Your answer should be the lines from the one with "User should not" to the end of the data below, both included, exact and free of pictures.

DATASET ENTRIES Start Marker

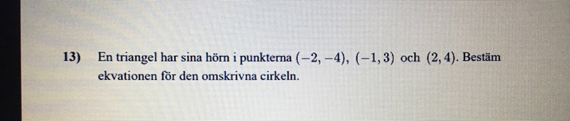 Jag skulle ta reda på var mittpunkten för de tre sidorna är, konstruera funktionerna för de tre normalerna och beräkna var de skär varandra (det borde räcka att använda sig av två av dem). Då får jag fram koordinaterna för cirkelns mittpunkt. Sedan skulle jag använda avståndsformeln för att beräkna cirkelns radie och därefter kan jag svara på frågan.
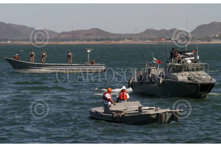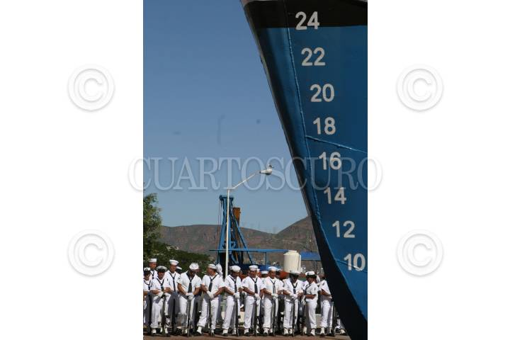 GUAYMAS, SONORA 29OCTUBRE2009.- Efectivos de la Armada de México vigilaron el acto oficial de la botadura del buque de investigación pesquera construído por la Secretaría de marina en coordinación con la SAGARPA y CONAPESCA. FOTO: IVÁN STEPHENS/CUARTOSCURO.COM
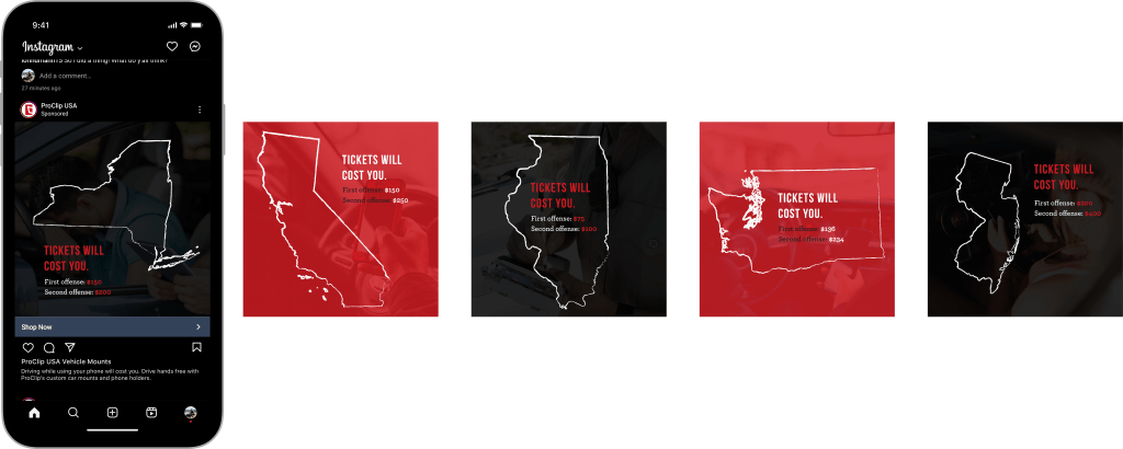 ProClip USA manufactures custom vehicle mounts and cell phone holders to perfectly fit your devices and keep them securely in place in your car. During market research, I learned people either fear injuring themselves or others by driving distracted and who worry about getting a ticket.
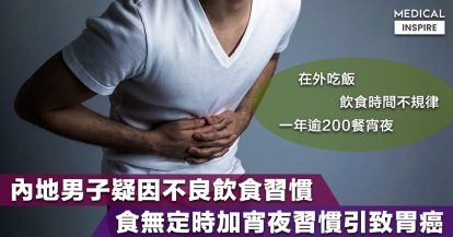 【飲食習慣】江蘇28歲男子食無定時,一年逾200次宵夜,因胃痛揭已患末期胃癌。
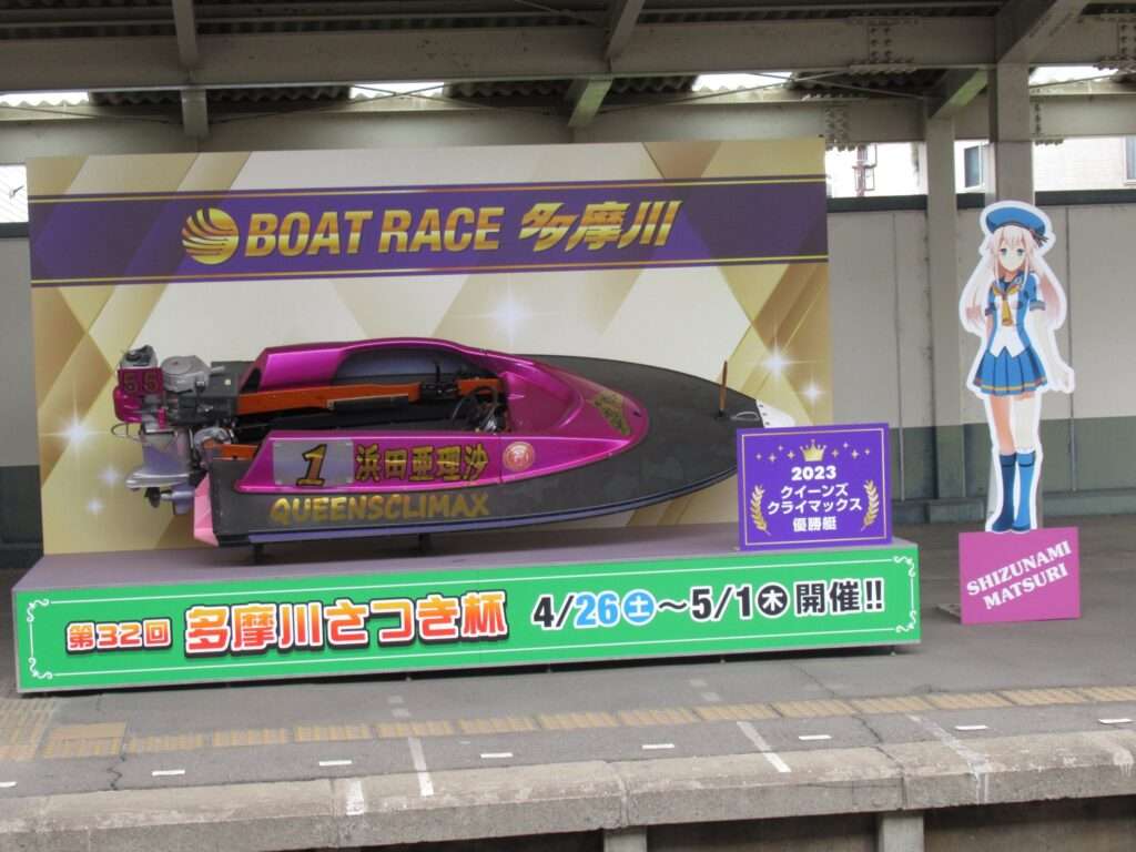 西武多摩川線の競艇場前駅の廃止された側のホーム上には多摩川競艇場の競技艇が展示されております。訪問時には2023クイーンズクライマックスの優勝艇が展示されておりました。ちなみにかつてのワタクシはボートレース、つまり競艇のファンでございまして、ここにも何度か来ております。いつもいつも、ひたすらオケラ街道を突き進む結果になってしまっておりましたんですよ。ところで、多摩川競艇場は川にあるのではなく、池にある競艇場なんですけどね。
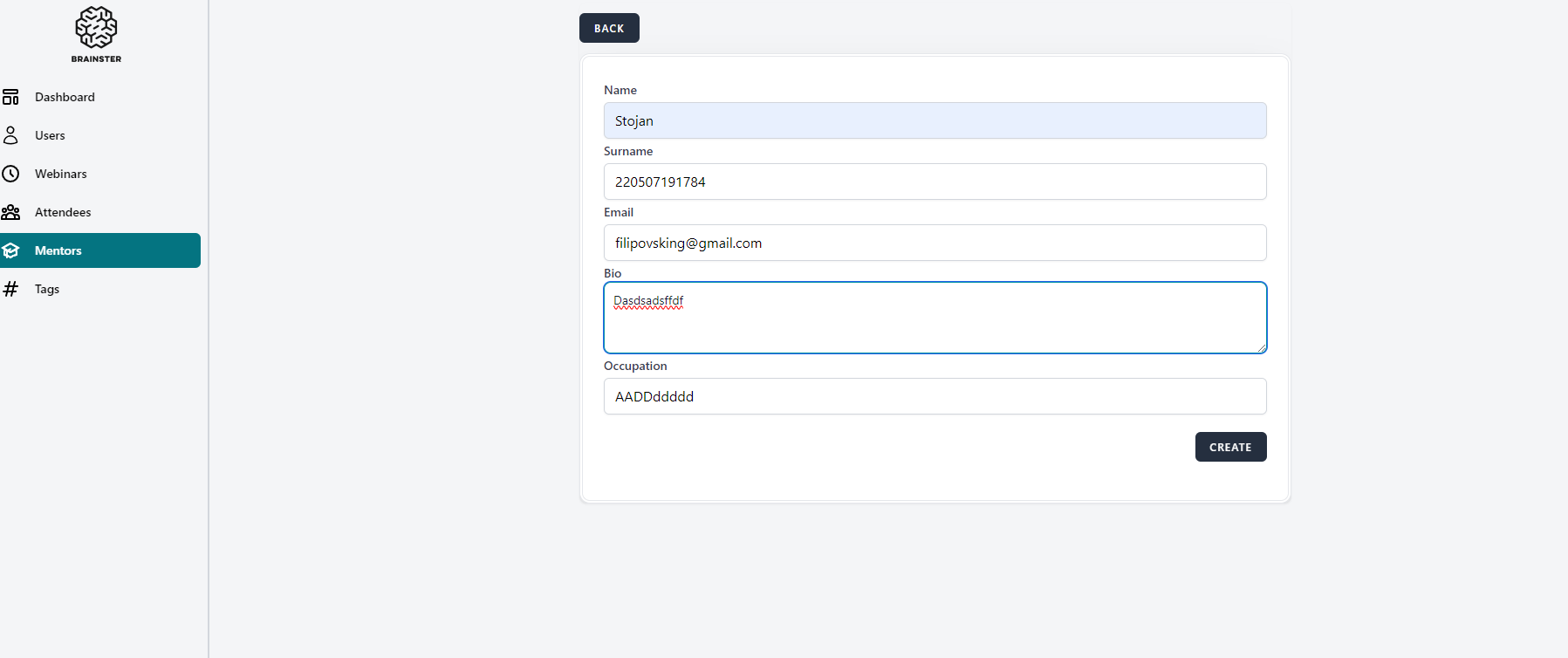 User should not be able to create new Mentor and a warning message with red letters under the "Surname" field should appear
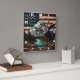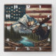 A large moose stands near a river, framed by pine trees and mountains, with a backdrop of the American flag made of wood.
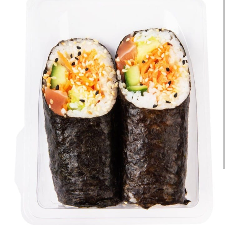 Envuelto en plátano maduro, salmón, kanikama,queso crema, aguacate, cebollín y tempura sin arroz.
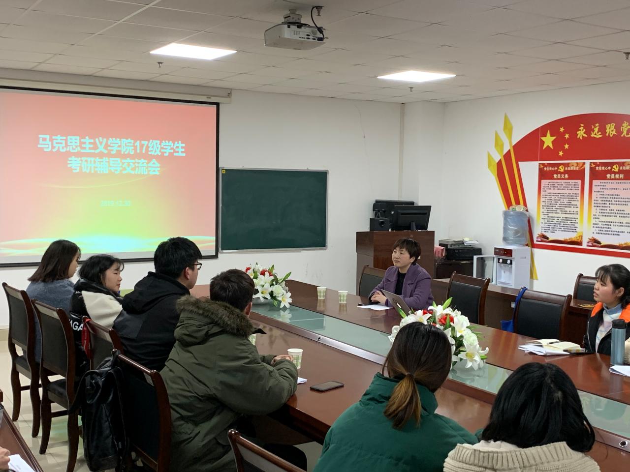 在文科大楼1104会议室,召开了2017级本科生考研辅导交流会,学院党委副书记马小佼,兼职辅导员董思遥,以及2017级全体本科生参加。

DATASET ENTRIES End Marker

_RESULT FOR THIS TASK_
 User should not be able to create new Mentor and a warning message with red letters under the "Surname" field should appear
 A large moose stands near a river, framed by pine trees and mountains, with a backdrop of the American flag made of wood.
 Envuelto en plátano maduro, salmón, kanikama,queso crema, aguacate, cebollín y tempura sin arroz.
 在文科大楼1104会议室,召开了2017级本科生考研辅导交流会,学院党委副书记马小佼,兼职辅导员董思遥,以及2017级全体本科生参加。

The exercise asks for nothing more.